■ DATA FOR THIS TASK
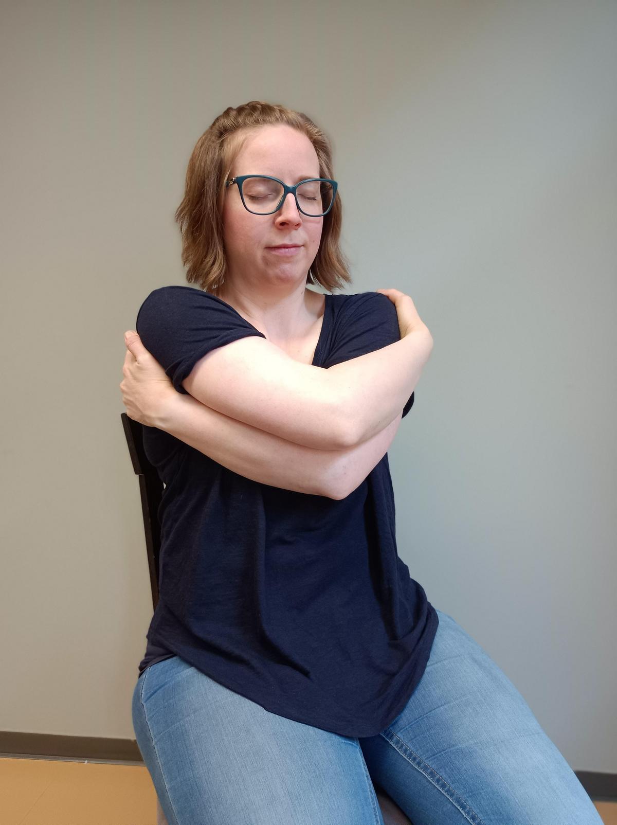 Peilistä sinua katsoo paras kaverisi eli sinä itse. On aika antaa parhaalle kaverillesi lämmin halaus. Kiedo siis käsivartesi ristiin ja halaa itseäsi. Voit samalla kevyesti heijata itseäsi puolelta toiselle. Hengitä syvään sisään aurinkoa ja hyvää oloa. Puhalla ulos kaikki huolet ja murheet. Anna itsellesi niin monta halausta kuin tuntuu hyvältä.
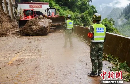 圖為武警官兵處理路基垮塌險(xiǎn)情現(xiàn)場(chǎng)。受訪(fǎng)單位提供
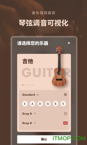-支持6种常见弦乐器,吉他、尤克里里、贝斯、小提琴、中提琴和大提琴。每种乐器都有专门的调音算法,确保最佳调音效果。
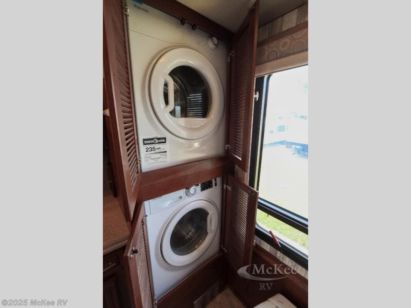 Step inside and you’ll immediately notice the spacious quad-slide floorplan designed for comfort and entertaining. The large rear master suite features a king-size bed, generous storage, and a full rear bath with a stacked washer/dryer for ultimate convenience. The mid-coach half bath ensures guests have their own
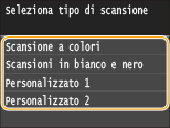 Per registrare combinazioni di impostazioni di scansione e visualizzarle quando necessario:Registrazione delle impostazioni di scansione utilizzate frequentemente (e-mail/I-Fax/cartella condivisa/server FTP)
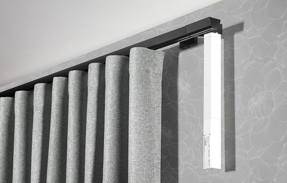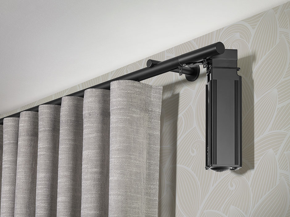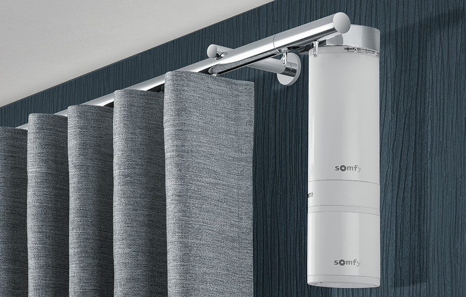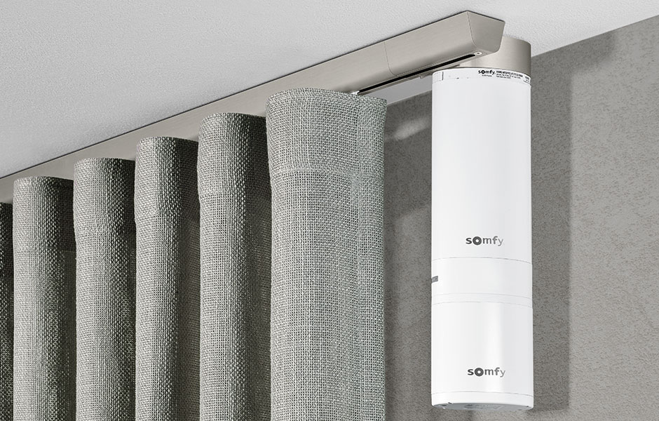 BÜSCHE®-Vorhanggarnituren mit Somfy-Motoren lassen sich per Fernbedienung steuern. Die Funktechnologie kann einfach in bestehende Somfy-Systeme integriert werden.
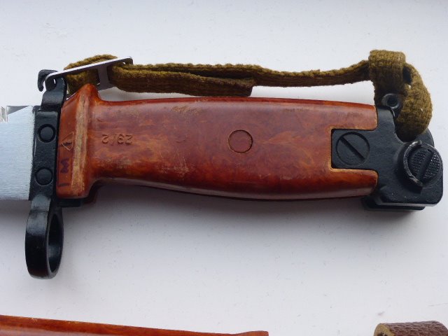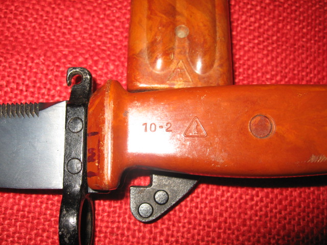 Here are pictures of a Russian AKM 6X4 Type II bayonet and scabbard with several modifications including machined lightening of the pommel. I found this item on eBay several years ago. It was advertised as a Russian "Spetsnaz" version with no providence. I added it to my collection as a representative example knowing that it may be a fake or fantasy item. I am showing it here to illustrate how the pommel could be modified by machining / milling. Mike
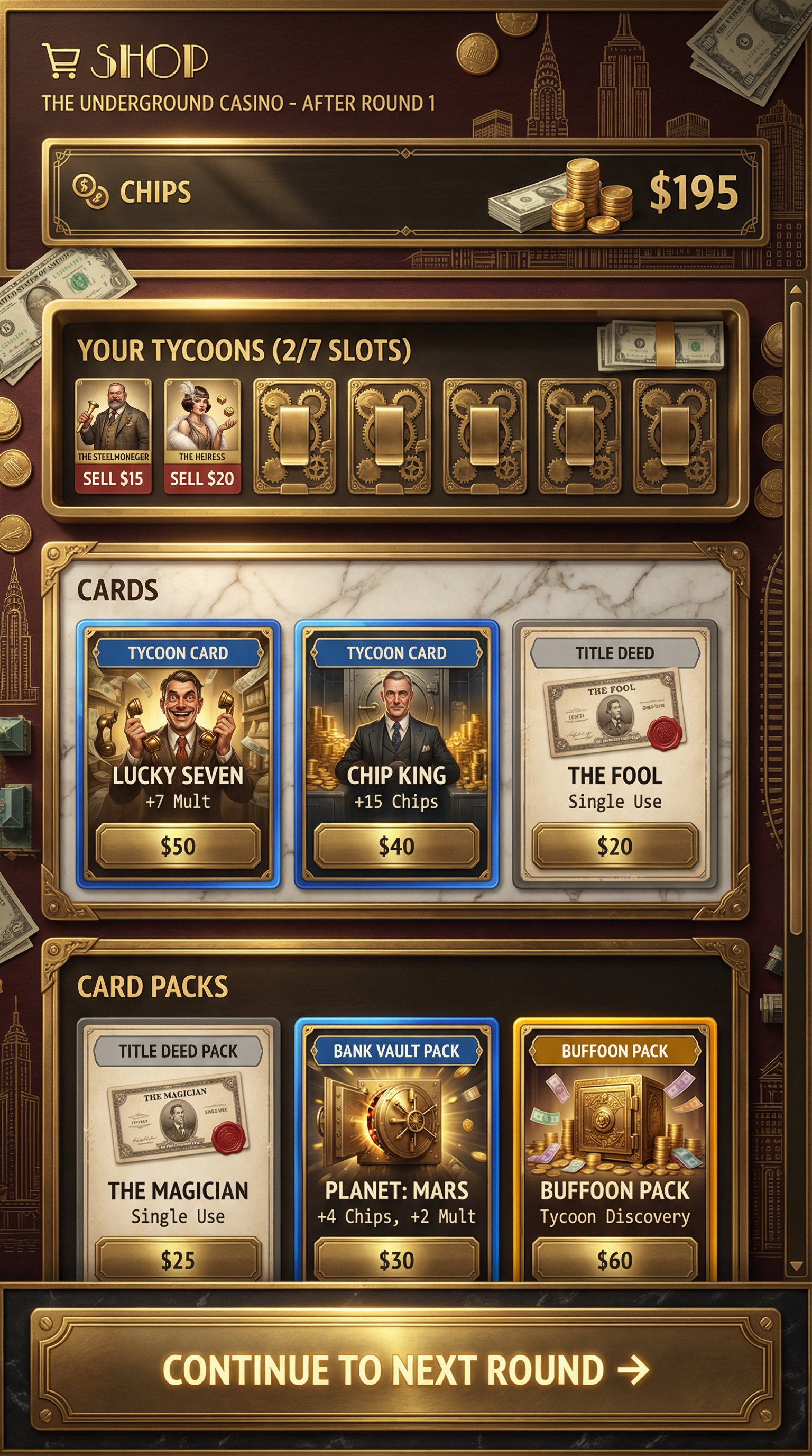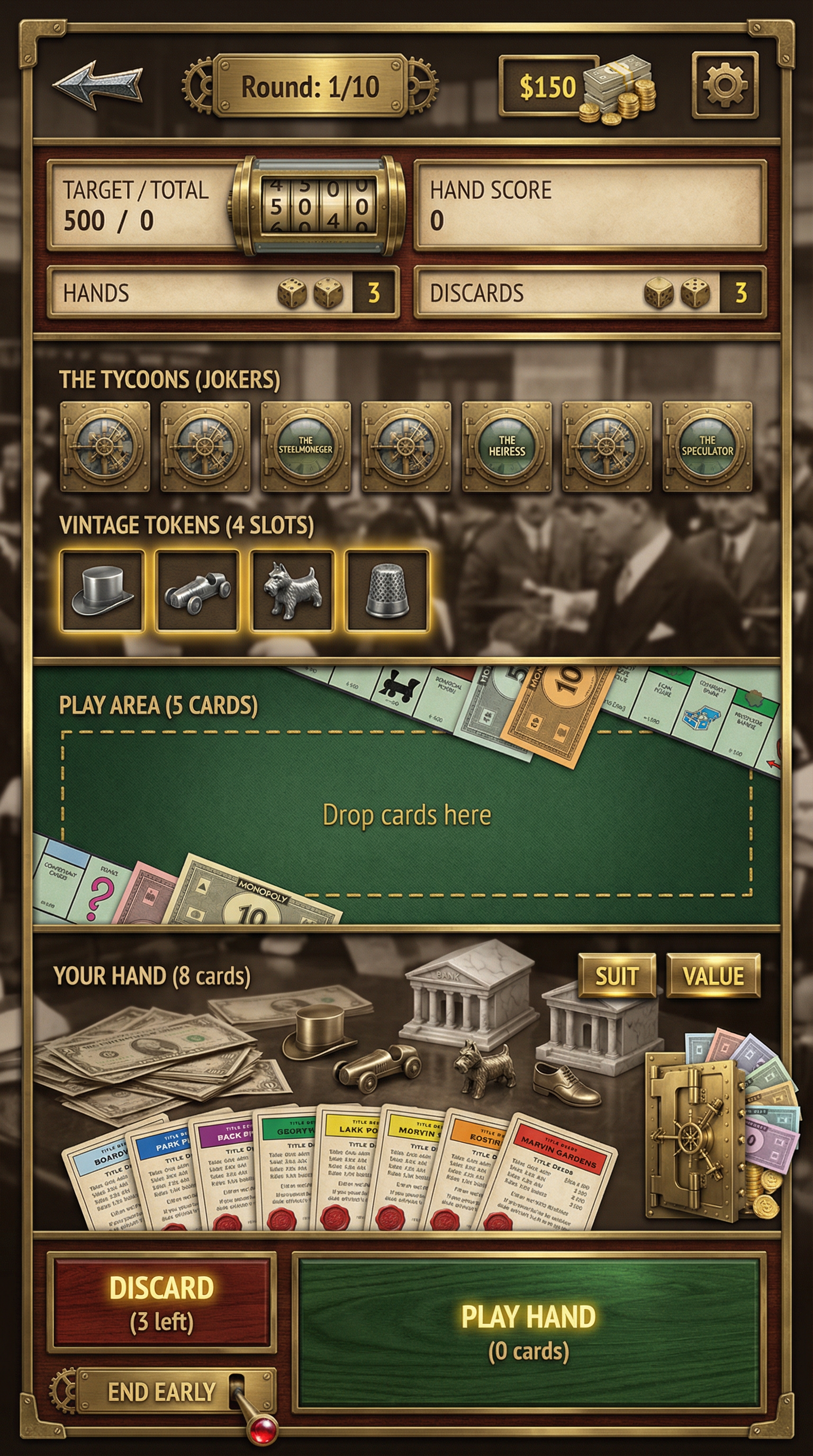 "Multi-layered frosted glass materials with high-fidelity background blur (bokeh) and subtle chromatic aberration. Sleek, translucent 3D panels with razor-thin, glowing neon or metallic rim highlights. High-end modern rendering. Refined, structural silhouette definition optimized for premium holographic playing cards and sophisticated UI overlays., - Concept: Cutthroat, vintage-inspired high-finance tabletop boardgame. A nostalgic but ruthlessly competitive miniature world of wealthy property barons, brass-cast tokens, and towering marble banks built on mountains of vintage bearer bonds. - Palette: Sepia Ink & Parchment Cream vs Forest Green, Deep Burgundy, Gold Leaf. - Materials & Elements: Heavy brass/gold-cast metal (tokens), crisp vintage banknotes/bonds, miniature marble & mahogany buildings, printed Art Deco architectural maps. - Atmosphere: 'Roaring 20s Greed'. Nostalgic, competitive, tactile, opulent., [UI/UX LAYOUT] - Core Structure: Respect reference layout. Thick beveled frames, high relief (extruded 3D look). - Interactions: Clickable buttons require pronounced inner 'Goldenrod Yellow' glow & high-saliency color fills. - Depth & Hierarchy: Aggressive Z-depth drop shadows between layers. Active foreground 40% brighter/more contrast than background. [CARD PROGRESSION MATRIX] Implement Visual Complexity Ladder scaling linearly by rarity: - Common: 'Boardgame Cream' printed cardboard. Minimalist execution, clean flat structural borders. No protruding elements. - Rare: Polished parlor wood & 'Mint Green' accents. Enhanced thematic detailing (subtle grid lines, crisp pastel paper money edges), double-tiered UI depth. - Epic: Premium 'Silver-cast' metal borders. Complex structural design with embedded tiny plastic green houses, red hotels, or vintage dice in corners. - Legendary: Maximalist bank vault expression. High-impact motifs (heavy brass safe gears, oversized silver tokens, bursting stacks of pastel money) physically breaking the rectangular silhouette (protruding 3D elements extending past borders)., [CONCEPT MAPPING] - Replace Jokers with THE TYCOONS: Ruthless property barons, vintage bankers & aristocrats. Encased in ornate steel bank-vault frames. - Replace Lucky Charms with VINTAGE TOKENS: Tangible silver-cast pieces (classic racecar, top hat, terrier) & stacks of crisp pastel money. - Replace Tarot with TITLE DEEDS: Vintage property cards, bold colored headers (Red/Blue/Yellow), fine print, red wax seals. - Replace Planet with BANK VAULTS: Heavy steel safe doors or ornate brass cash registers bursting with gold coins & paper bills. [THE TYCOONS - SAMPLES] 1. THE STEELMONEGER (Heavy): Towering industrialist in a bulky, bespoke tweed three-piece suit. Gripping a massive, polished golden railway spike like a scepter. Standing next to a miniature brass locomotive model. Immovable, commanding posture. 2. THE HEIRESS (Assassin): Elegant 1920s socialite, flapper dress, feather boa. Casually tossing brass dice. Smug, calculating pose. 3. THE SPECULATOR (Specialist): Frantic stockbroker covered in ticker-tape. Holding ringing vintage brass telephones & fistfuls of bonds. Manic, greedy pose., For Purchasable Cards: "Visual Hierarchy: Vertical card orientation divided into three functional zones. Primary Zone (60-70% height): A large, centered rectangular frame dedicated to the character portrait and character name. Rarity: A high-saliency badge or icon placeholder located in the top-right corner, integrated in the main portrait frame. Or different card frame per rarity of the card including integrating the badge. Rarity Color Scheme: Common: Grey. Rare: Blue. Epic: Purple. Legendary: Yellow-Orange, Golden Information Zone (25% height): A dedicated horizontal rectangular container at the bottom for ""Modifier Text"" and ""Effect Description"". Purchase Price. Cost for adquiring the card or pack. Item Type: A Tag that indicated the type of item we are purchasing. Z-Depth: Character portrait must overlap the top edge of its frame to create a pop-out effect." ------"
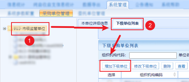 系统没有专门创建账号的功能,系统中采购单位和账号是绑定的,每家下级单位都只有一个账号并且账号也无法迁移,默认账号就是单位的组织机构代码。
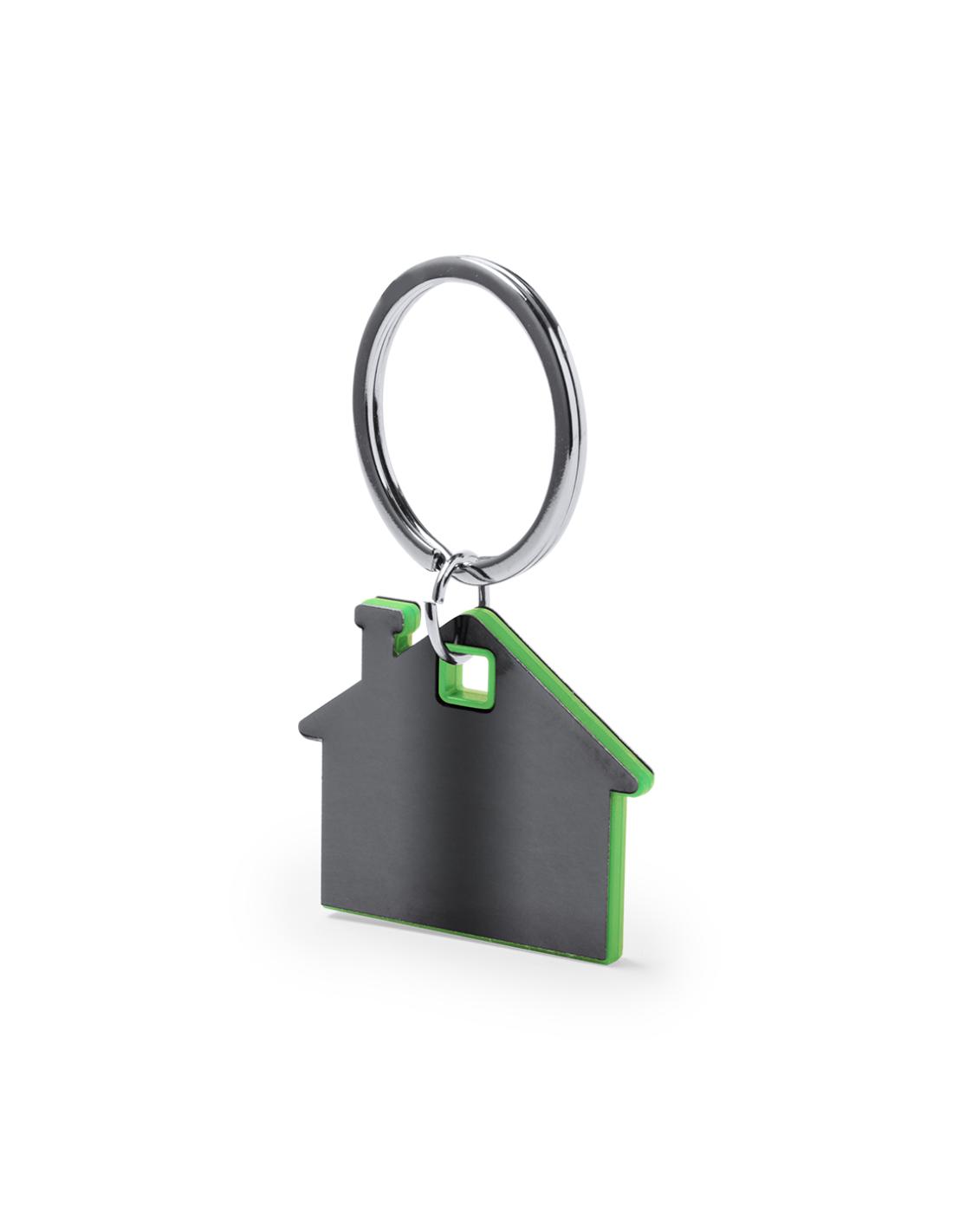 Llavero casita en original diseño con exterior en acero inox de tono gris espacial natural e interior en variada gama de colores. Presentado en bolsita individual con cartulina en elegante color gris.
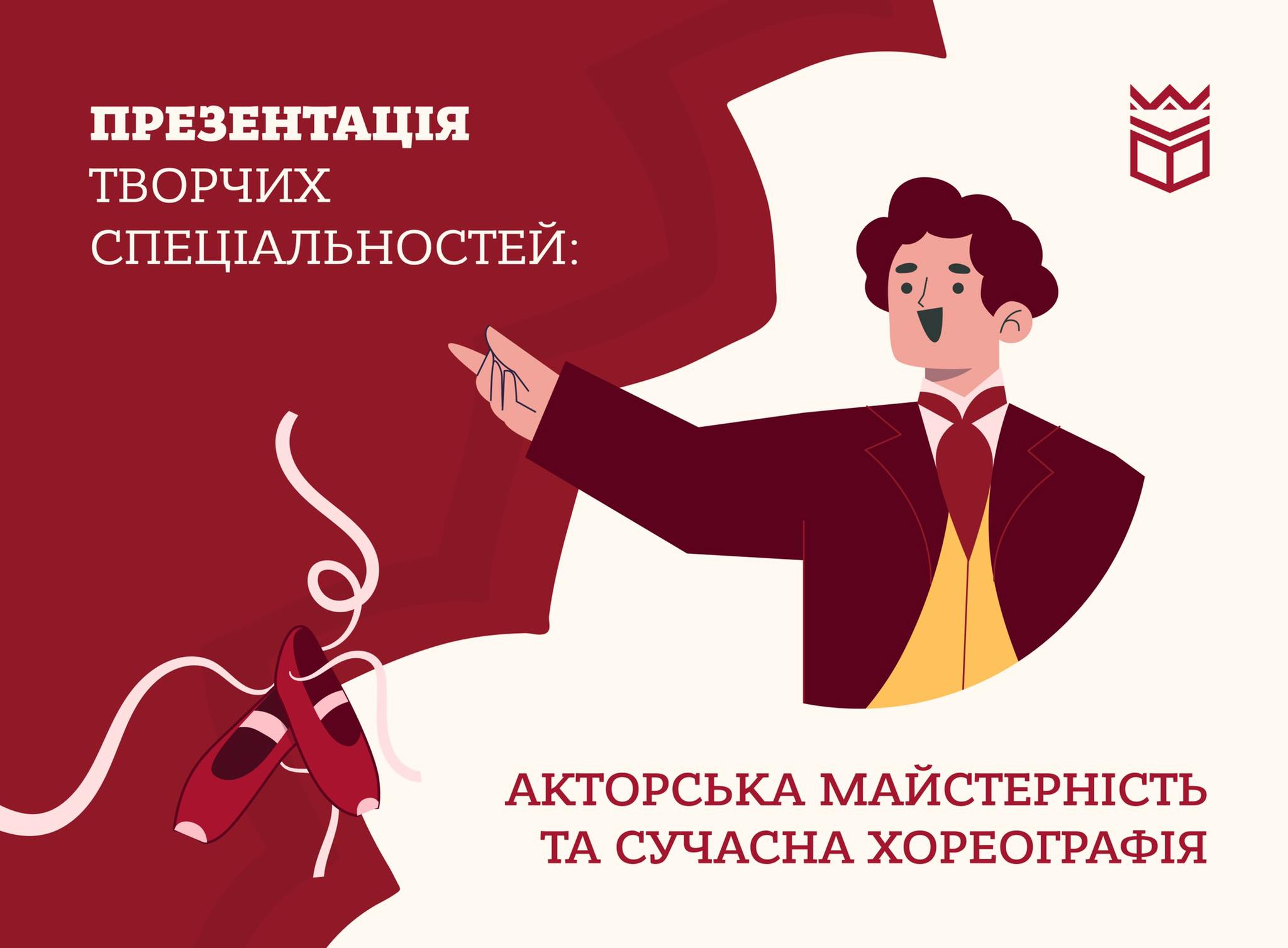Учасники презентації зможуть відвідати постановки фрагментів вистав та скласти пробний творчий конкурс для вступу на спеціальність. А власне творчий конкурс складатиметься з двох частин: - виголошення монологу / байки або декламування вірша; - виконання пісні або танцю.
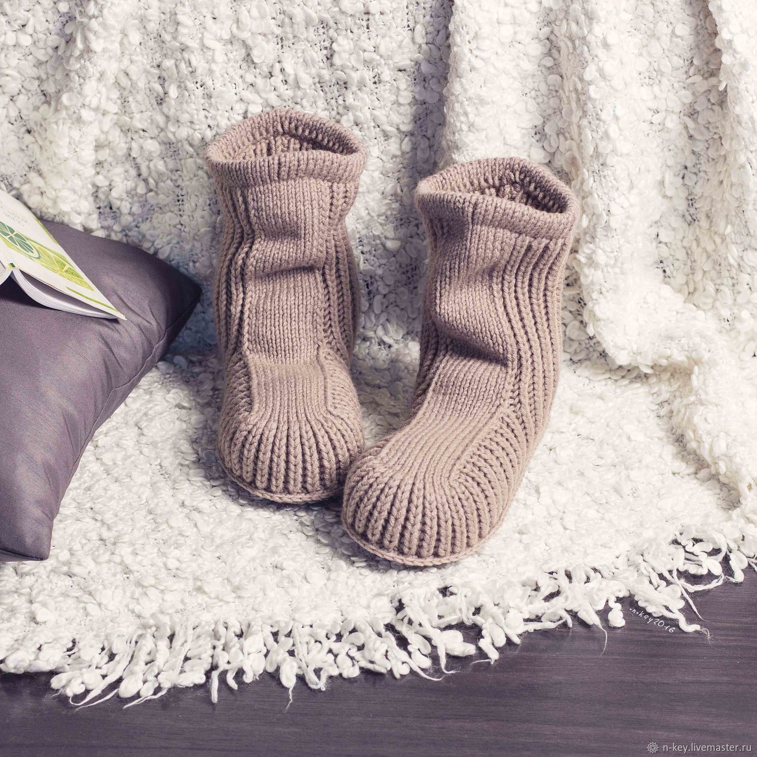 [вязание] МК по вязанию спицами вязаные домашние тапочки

■ WHAT TO WORK ON
Begin at the first line of the data above and repeat each line exactly, stopping after the line containing "Step inside and". Omit the pictures.

■ EXERCISE OUTPUT
 Peilistä sinua katsoo paras kaverisi eli sinä itse. On aika antaa parhaalle kaverillesi lämmin halaus. Kiedo siis käsivartesi ristiin ja halaa itseäsi. Voit samalla kevyesti heijata itseäsi puolelta toiselle. Hengitä syvään sisään aurinkoa ja hyvää oloa. Puhalla ulos kaikki huolet ja murheet. Anna itsellesi niin monta halausta kuin tuntuu hyvältä.
 圖為武警官兵處理路基垮塌險(xiǎn)情現(xiàn)場(chǎng)。受訪(fǎng)單位提供
-支持6种常见弦乐器,吉他、尤克里里、贝斯、小提琴、中提琴和大提琴。每种乐器都有专门的调音算法,确保最佳调音效果。
 Step inside and you’ll immediately notice the spacious quad-slide floorplan designed for comfort and entertaining. The large rear master suite features a king-size bed, generous storage, and a full rear bath with a stacked washer/dryer for ultimate convenience. The mid-coach half bath ensures guests have their own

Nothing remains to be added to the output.